* [Task requirements]: From the line containing "Клубничный чизкейк и эспрессо на столе" down to the line containing "LEMORRY Per Apple" in the records below, reproduce every line exactly, ends included, and omit all others.
--- Supplied material ---
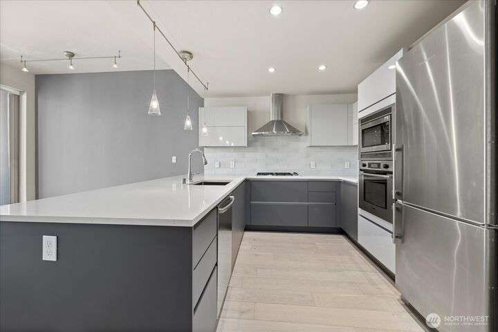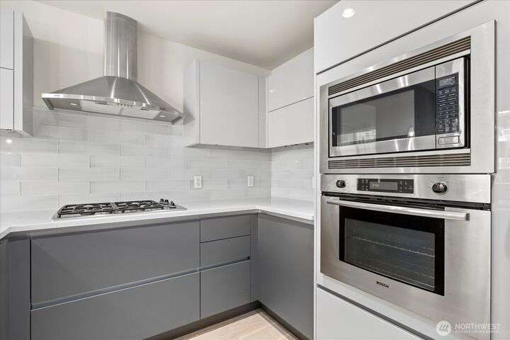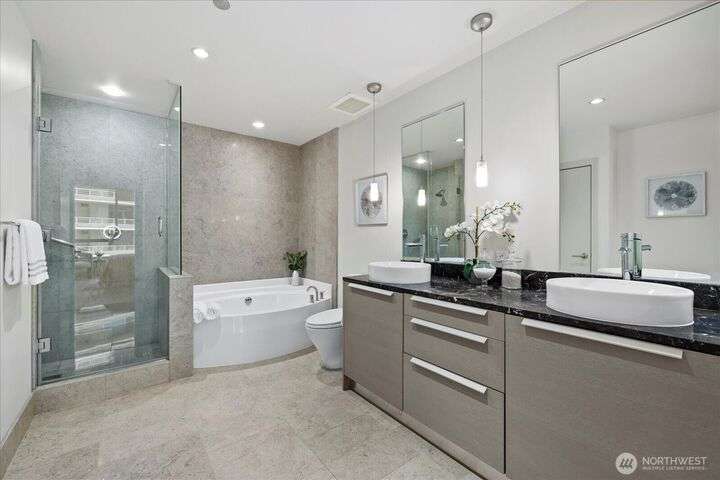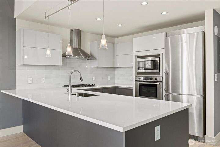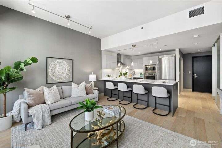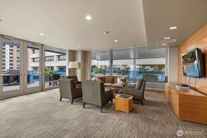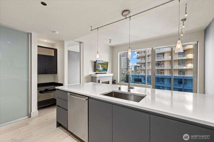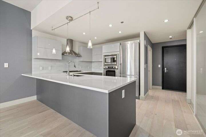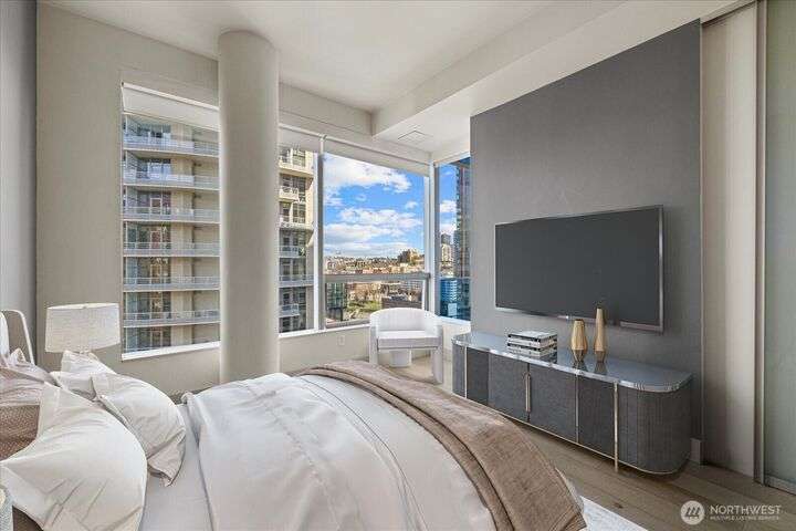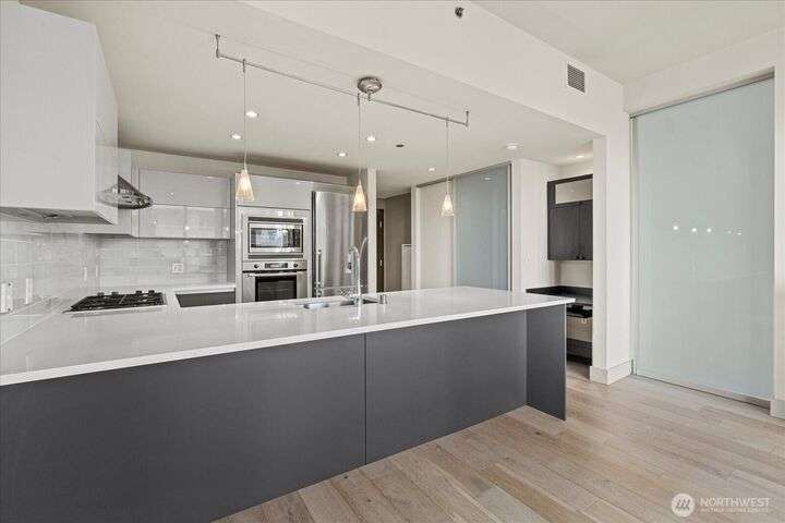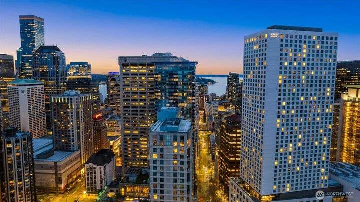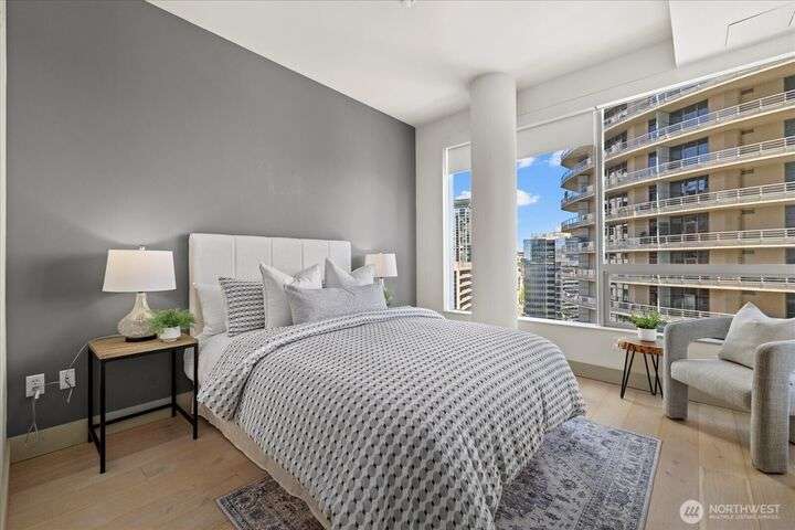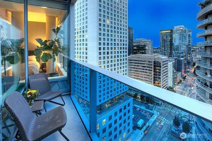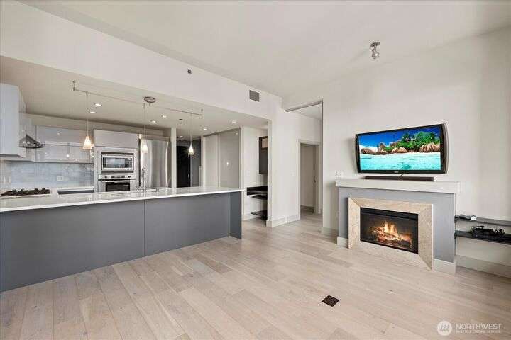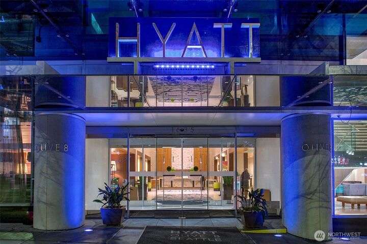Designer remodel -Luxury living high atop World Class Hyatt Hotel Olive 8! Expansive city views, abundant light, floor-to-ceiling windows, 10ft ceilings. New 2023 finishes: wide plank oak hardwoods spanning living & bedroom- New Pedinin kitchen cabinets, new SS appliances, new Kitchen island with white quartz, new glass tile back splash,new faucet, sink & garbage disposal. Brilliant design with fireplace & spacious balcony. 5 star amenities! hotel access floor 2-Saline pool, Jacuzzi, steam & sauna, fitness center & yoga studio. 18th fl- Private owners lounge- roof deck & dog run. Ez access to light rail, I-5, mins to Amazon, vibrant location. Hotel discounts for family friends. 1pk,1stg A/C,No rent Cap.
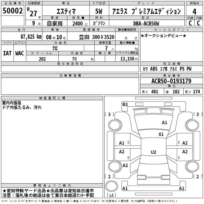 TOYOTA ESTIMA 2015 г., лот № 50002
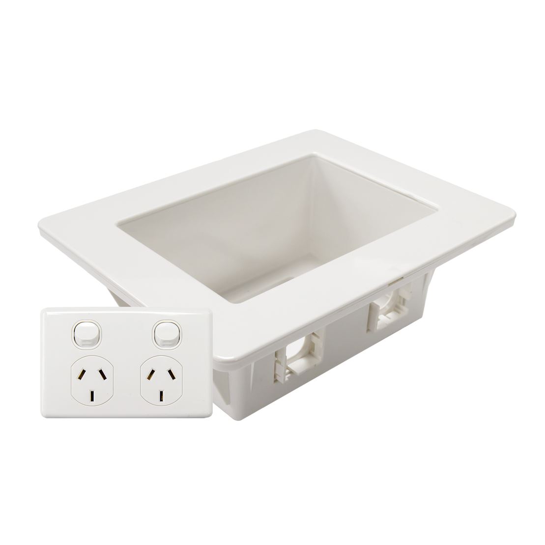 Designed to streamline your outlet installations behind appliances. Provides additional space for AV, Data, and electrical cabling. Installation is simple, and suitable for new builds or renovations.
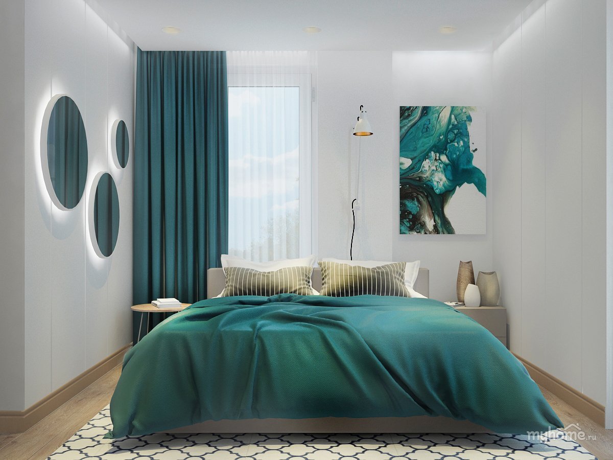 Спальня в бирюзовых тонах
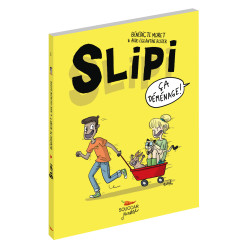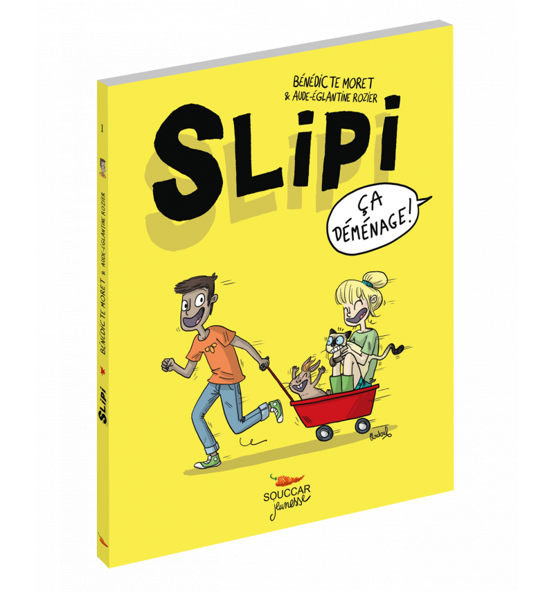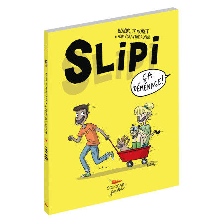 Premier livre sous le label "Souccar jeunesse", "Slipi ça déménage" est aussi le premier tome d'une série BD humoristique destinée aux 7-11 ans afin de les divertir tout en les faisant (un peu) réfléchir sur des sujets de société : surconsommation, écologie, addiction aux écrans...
---
--- Supplied material ---
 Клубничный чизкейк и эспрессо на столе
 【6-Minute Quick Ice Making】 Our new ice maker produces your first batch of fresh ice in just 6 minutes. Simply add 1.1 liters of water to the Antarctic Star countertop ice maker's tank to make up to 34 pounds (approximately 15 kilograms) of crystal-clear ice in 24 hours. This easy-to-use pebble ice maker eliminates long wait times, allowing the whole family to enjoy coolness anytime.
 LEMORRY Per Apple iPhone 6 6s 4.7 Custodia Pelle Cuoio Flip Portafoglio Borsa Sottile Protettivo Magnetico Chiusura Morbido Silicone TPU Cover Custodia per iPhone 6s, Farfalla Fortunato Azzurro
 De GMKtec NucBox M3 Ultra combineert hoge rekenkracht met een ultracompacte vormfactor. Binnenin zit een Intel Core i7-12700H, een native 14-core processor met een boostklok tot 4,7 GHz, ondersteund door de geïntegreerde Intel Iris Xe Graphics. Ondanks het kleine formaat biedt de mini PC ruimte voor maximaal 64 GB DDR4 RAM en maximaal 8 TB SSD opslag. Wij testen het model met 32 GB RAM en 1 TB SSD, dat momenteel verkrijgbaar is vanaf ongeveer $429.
---
* [Exercise solution]:
 Клубничный чизкейк и эспрессо на столе
 【6-Minute Quick Ice Making】 Our new ice maker produces your first batch of fresh ice in just 6 minutes. Simply add 1.1 liters of water to the Antarctic Star countertop ice maker's tank to make up to 34 pounds (approximately 15 kilograms) of crystal-clear ice in 24 hours. This easy-to-use pebble ice maker eliminates long wait times, allowing the whole family to enjoy coolness anytime.
 LEMORRY Per Apple iPhone 6 6s 4.7 Custodia Pelle Cuoio Flip Portafoglio Borsa Sottile Protettivo Magnetico Chiusura Morbido Silicone TPU Cover Custodia per iPhone 6s, Farfalla Fortunato Azzurro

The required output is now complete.